■ **WHAT IS BEING ASKED**: Retype exactly the lines from the one containing "Claude Codeの/agentコマンドで、「Create new" through the last line of the records below, including both, and leave out any pictures.

=== RECORDS SUPPLIED ===

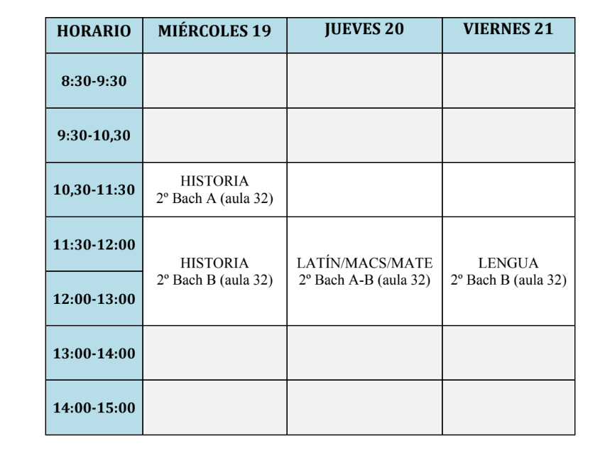 - 1º y 2º Bachillerato y Ciclos Formativos: 14:00 a 15:00
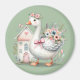 Um design de cottagecore caprichoso com um ganso branco gracioso adorrado com uma coroa de flores macios e pastel e um arco de gingham rosa, orgulhosamente ao lado de uma casa pastel inspirada em conto de fadas. As asas do ganso florescem com delicadas flores em tons de pincel, creme e azul, cercadas por ramos de folhas, borboletas, e sotaques encantadores que criam uma atmosfera rural sonhadora. Essa composição encantadora captura a essência da confortável casa de campo, misturando encanto rústico com beleza floral feminina num estilo lúdico e animador. Uma celebração perfeita da natureza, chorona e mágica do livro de histórias de eterno. A IA gerou trabalho de arte.
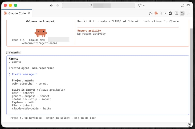 Claude Codeの/agentコマンドで、「Create new agent」を選ぶと、プロジェクトの .claude/agents/ ディレクトリに新規のカスタムエージェントを作成できる。
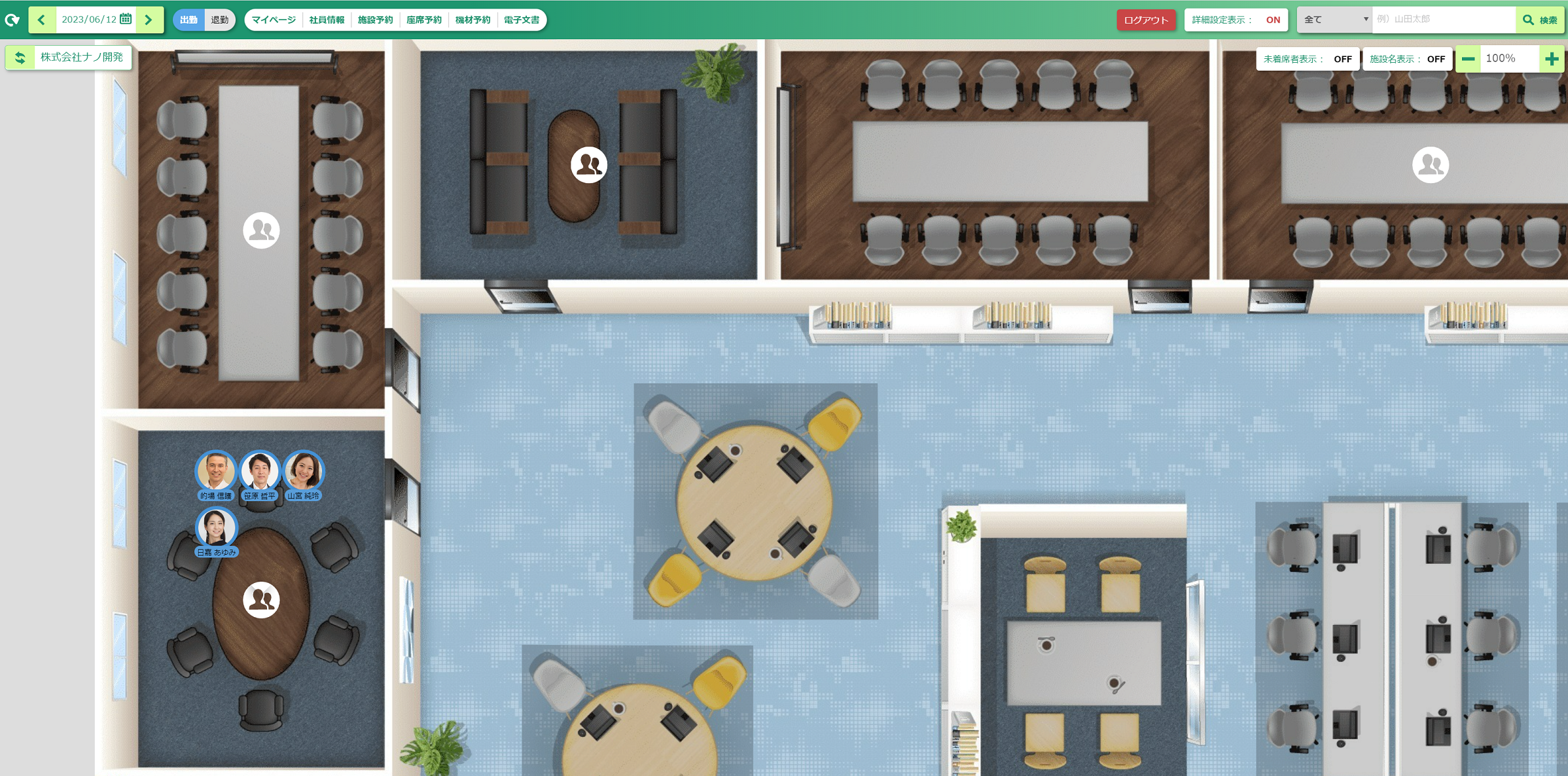 フロアレイアウト上には人の状況はもちろん、施設や機材など、あらゆるマテリアルの状況を表示することができます。
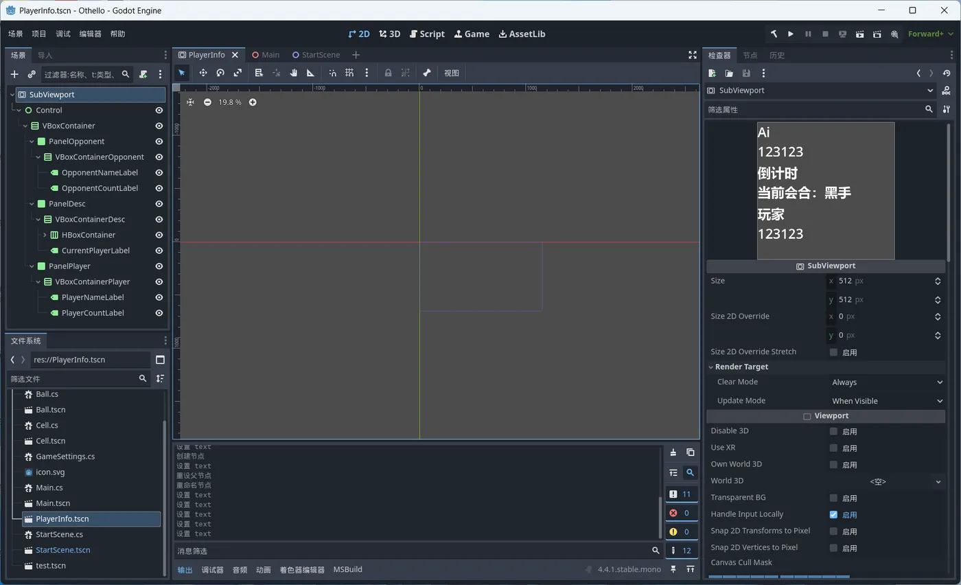 创建玩家信息场景PlayerInfo.tscn,使用SubViewPort作为根节点,以便能够嵌套入游戏主场景中。该场景分别显示对手信息,玩家信息,倒计时,当前回合,参考场景设置如下:

===

■ **SOLUTION TO THE EXERCISE**:
 Claude Codeの/agentコマンドで、「Create new agent」を選ぶと、プロジェクトの .claude/agents/ ディレクトリに新規のカスタムエージェントを作成できる。
 フロアレイアウト上には人の状況はもちろん、施設や機材など、あらゆるマテリアルの状況を表示することができます。
 创建玩家信息场景PlayerInfo.tscn,使用SubViewPort作为根节点,以便能够嵌套入游戏主场景中。该场景分别显示对手信息,玩家信息,倒计时,当前回合,参考场景设置如下:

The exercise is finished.